To support the application layer access patterns, SQL queries are used to generate materialized views of the normalized data stored across the imdbdata tables. This step requires a significant amount of processing and will impact application performance. In the next step, we discuss the details of designing the data model on DynamoDB for the IMDb sample application.

DynamoDB access patterns for the IMDb application

DynamoDB is a better choice to support low latency response for internet-scale applications. Remember that data that is queried together should stay together. This approach helps to support single millisecond query latency at any scale and provide consistent performance for internet-scale applications like IMDb. For more details, refer to the best practices guidelines for designing solutions on DynamoDB. We identified six access patterns for the IMDb application to illustrate DynamoDB table design.

Find all cast and crew of a movie.
Find details of a movie (title, publication year, runtime, genres, directors, writers, and other information).
Find IMDb rating details of a movie.
Find all published regions, languages, and titles of a movie.
Find original title of a movie published across multiple languages and regions.
Find all the movies by an actor between the years 2002 and 2010.

DynamoDB single table design for the IMDb application

We now go over the single table design and composite key design for the IMDb application. Earlier, we discussed that each movie is associated with a unique identifier: tconst. The first five access patterns of the application are based on movies. Using tconst as the partition key helps to distribute the data across multiple partitions and support the access patterns. In this example, we use a composite sort key technique to store and access related information. The sort key attribute is prefixed with constant characters known to the applications. The prefix groups together one or more related items as a single collection. The naming conventions for the prefix are custom defined, so feel free to use any as per your application standards. The following is a detailed list of prefixes used for target table design:

DETL prefix item collection: title_basics contains movie metadata and title_principals has all cast and crew information. Information in both the tables is static once a movie is released. The access patterns require the movies and their cast and crew information to be fetched together. The movie details and associated cast and crew information are denormalized as single item in the table. This will help to access the information with single query.·
REGN prefix item collection: title_akas contains all published regions, languages, and titles of a movie. The information changes infrequently and has a one-to-many relationship to title_basics. These records are classified using REGN as the prefix and modeled as one-to-one in the DynamoDB table.
RTGN prefix item collection: Each movie receives ratings based on votes by IMDb users. Every time a new votes is received, the information in the title_ratings is updated with the latest rating and vote count. This is dynamic and frequently changing information. In order to minimize read and write capacity used during frequent update operations, the rating information is kept outside the DETL prefixed records.

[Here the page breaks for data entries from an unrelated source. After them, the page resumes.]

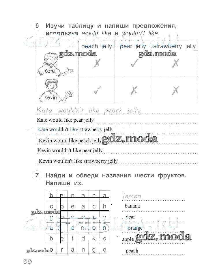ГДЗ решение к заданию № 58 Английский язык 2 класс рабочая тетрадь Комарова Русское слово 2014 ФГОС бесплатно на гдз.мода!
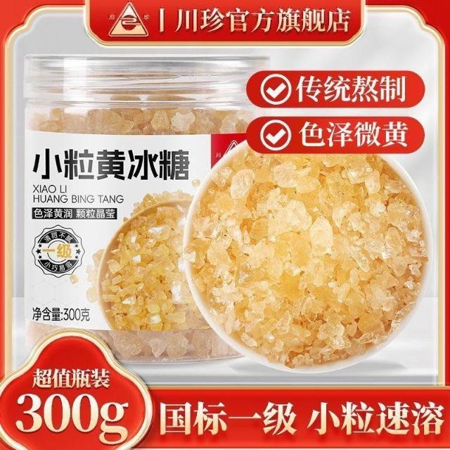 文文優選川珍小粒黃冰糖300g罐裝國標一級食用糖紅燒肉煲湯炒糖色烘培家用
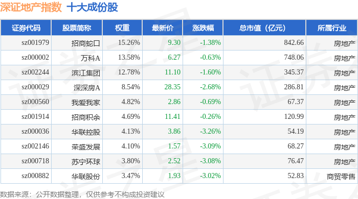 证券之星消息,10月30日,深证地产(399637)指数报收于1839.35点,跌2.22%,成交75.91亿元,换手率3.42%。当日该指数成份股中,上涨的有1家,南山控股以10.0%的涨幅领涨,下跌的有19家,盈新发展以9.21%的跌幅领跌。
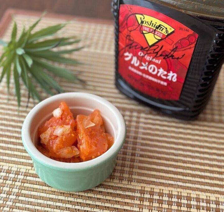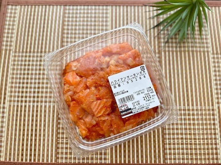 コストコ鮮魚コーナーで販売中の、サーモンポキ。これに、ヨシダソースをチョイ足しするというアレンジ!これがまさに絶品でした!
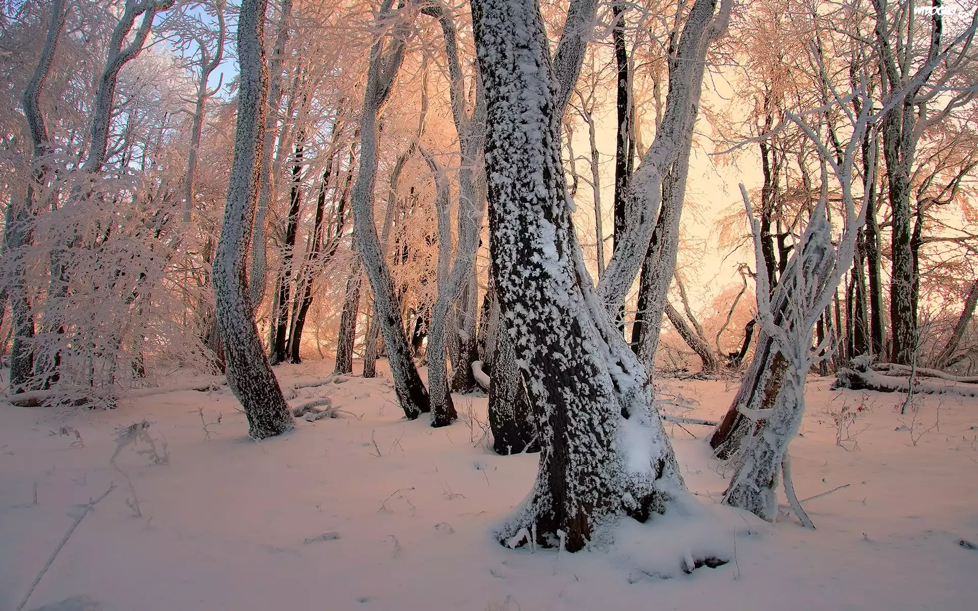 Zdjęcia, Zima, Ośnieżone, Drzewa, Przebijające Światło
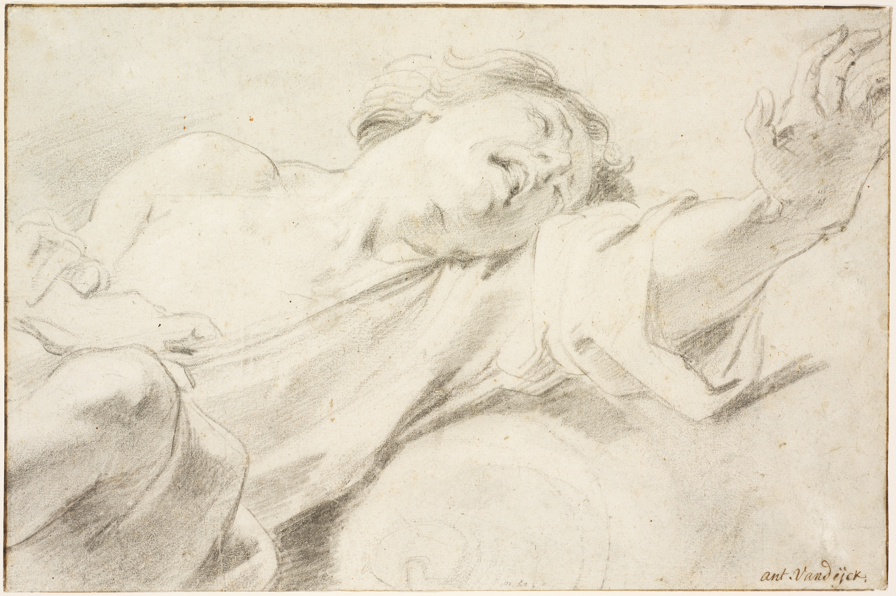 The Flemish painter Anthony van Dyck made this black-chalk sketch from a posed live model to study the position of one of the figures for his painting The Taking of Christ, now at the Prado (Fig. 1). Frozen in a moment of dynamic physical struggle, the drawing corresponds to the twisting body of Malchus in the lower left corner of the large painting. In the New Testament story of Jesus’s betrayal and arrest, the apostle Judas led a group of Roman soldiers to the garden where Jesus and the other apostles were wont to meet. Judas identified Jesus for the guards by kissing him. As the soldiers moved in, the apostle Peter drew his sword and cut off the right ear of Malchus, a servant of the high priest, in an attempt to prevent Jesus’s arrest. In this drawing, which shows Malchus in the moment before Peter’s strike, van Dyck handled the chalk delicately and evenly. He confidently outlined the contours of the dramatically foreshortened figure with fluid, unbroken marks. For the shading, he used tightly packed, even parallel hatching, which he softly blended in the lighter areas. Spare in its use of materials, the study nonetheless achieves a remarkable effect of plasticity and movement.
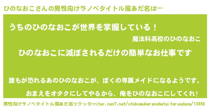 | ヘコむあだ名 | 『ひのなおこ(爆)』『ひのっふぃ~』 |
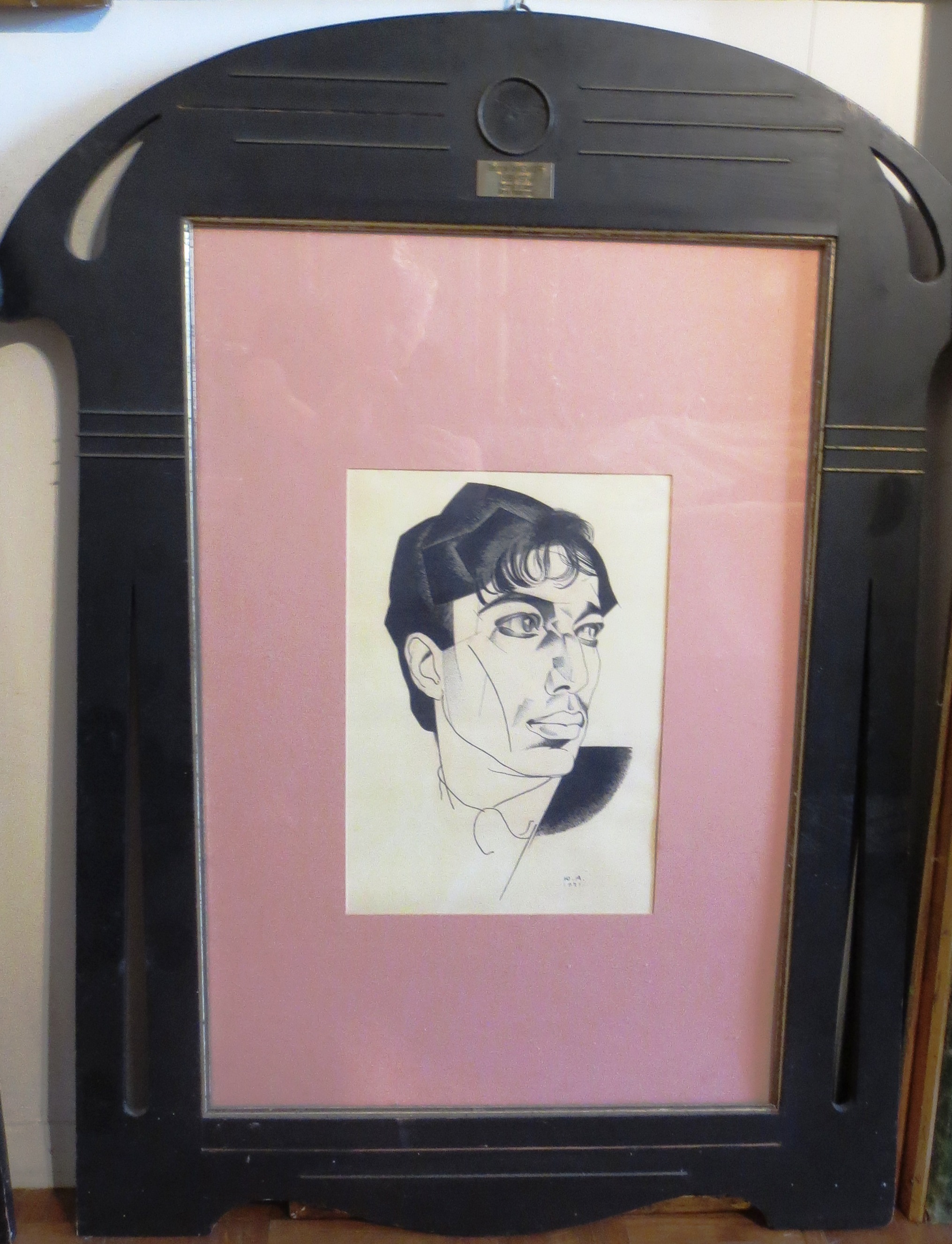 Portrait of poet Boris Pasternak. Signed with initials and dated 1921 lower right, Indian ink on paper. 17 x 11". Published in “Portrays”, text by E. Zamiatin, M. Kuzmin, M. Babenchikov. Petropolis, Peterburg,1922. p.66 and in “Vozrozhdenie” N102, 1960. Bibliography: “A Time to Gather… RUSSIANART From Foreign Private collections”, State Russian Museum, Saint-Petersburg, Palace Editions,2008, illustrated on p.25.. Exhibited: “Faces of Russia”, February 2007, West Palm Beach International Art Fair, USA (illustrated on page 28 of the catalog). In original European hand-carved ebonized frame art nouveau with brass decorations
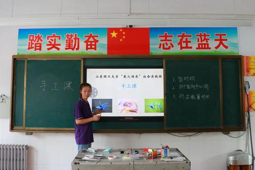 7月23日上午,我院“助力乡村振兴——爱之传承”社会实践团在德州市四女寺镇明德小学开展了一堂生动有趣的手工折纸课,让孩子们在课堂上提高动手能力,在相互协作中收获友谊,丰富孩子们的假期生活。
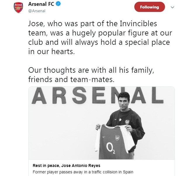 เธียร์รี่ อองรี ตำนานกองหน้า อาร์เซน่อล ทวีตข้อความแสดงความเสียใจต่อการจากไปอย่างไม่มีวันกลับของ โฆเซ่ อันโตนิโอ เรเยส ทีมเมตปืนใหญ่ชุดแชมป์ไร้พ่าย โดยบอกว่านี่คือเพื่อนที่นิสัยดีสุดคนหนึ่งของวงการ

By using a composite sort key, you can create a collection of heterogenous entities and store them in a single table. Figure 10 the follows shows the tconst as mpkey and composite sort key inside mskey attributes in a single DynamoDB table.

Figure 10: DynamoDB base table design for IMDb application

Each movie has its own cast and crew, which includes a producer, director, actors, and other crew members. A unique identifier, nconst, is used to identify each cast and crew member. The last access pattern in the list is the selection of all movies by an actor within a given year range. This access pattern can’t be resolved using query because nconst is not part of the partition key of the base table. To resolve this access pattern, you can follow either of the approaches mentioned below:

Use the adjacency list technique to handle many-to-many relationships between actors and movie. Both entities have unique identifiers and don’t overlap in values. This method requires additional processing logic during the ingestion to deal with partition key overloading.
Create a global secondary index (GSI) on the nconst attribute of the base table and run the query on the GSI.

Because the access pattern only requires a movie list by an actor within a specific year, you only need to create a GSI on the base table. Figure 11 that follows represents a GSI model with nconst as the partition key and year as the sort key to allow range queries.

Figure 11: DynamoDB GSI design for IMDb application

Figure 12 represents the detailed demonstration of all access patterns, key conditions, and filter expressions.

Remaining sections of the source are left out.